So is it possible to use modular square root Oracle for factorizing Integers in a far more efficient way than using the number field sieve ?
Assuming your modular square root Oracle is far more efficient than NFS, yes.
Here's one straight-forward approach (where $N$ is the number of be factored):
Pick a random number $r$ uniformly from the random $[1, N-1]$
Compute $r^2 \bmod N$ and give it to your square root Oracle
That Oracle will return with a number $s$ with $s^2 = r^2 \pmod N$
Compute $t = \gcd(r+s, N)$
Assuming $N$ is an odd semiprime, then with probability 0.5, $t$ will be one of the prime factors of $N$ (and the other prime factor can easily derived)
You can see that all of the above steps (other than possibly the Oracle itself) can be efficiently computed. And, if you repeat this until you get a factorization, you get an expected number of Oracle queries of 2.
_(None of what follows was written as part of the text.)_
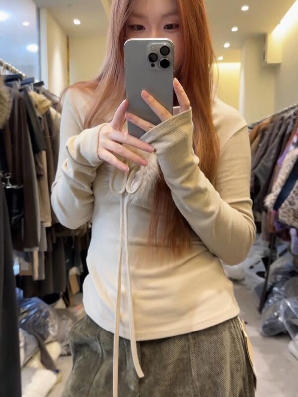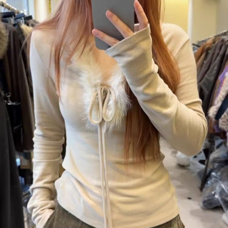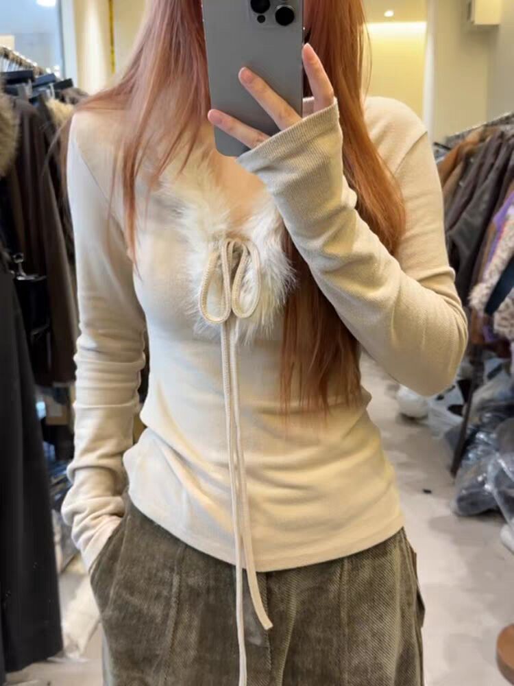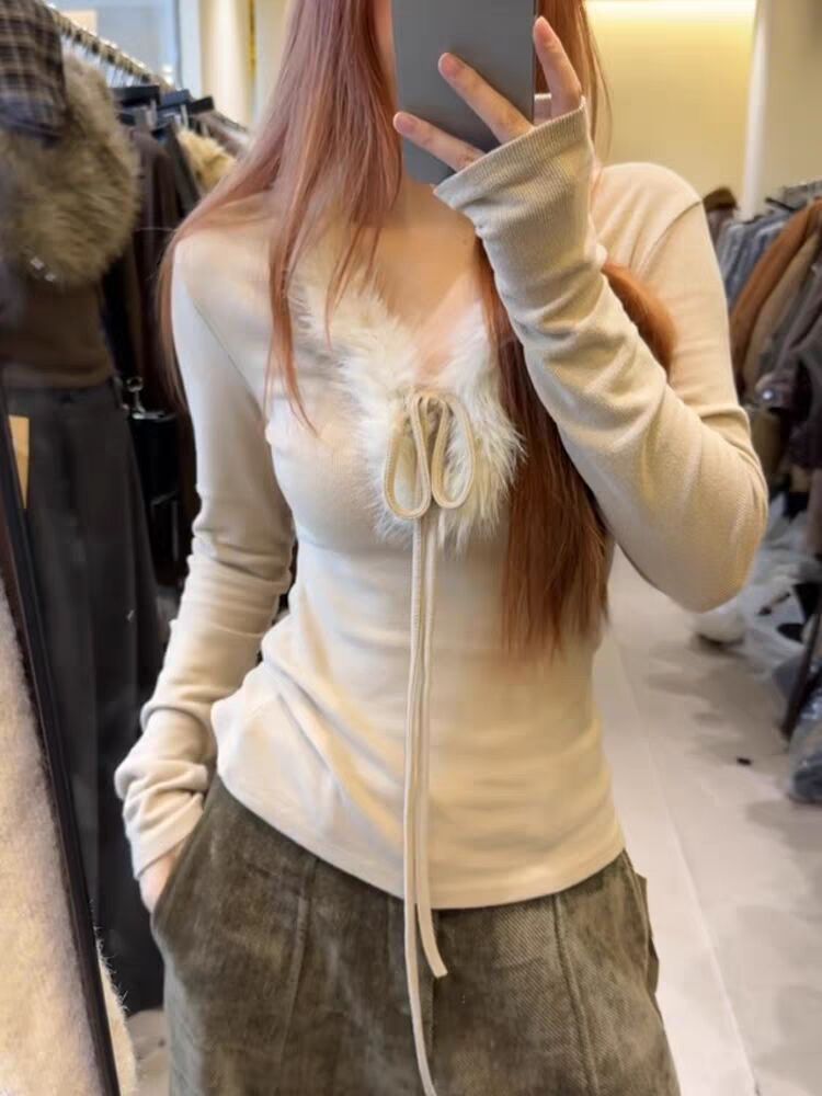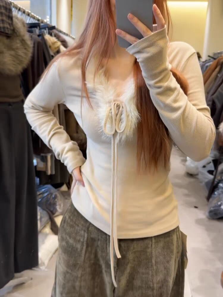 MY15867# 面料人棉抓毛纯欲风V领系带毛领内搭打底衫长袖上衣女裝貨源服裝批發

Why this algorithm works is actually fairly easy to see; for an odd semiprime, then for any nonzero quadratic residue, there are four square roots. Because $r^2 = s^2 \bmod N$, this means that $(r-s)(r+s) = kN$, for some integer $k$. That means that of the two factors $p, q$ of $N$, each could be either in $r-s$ or in $r+s$, and all four possibilities happen in the four possible square roots. Because the square root is essentially random (because $r$ was chosen at random and independently of the Oracle), we have probability 0.5 that $p$ and $q$ will end up in different places, and hence $r+s$ will have one of $p, q$ as a factor, and not the other (and hence the $\gcd$ will recover it)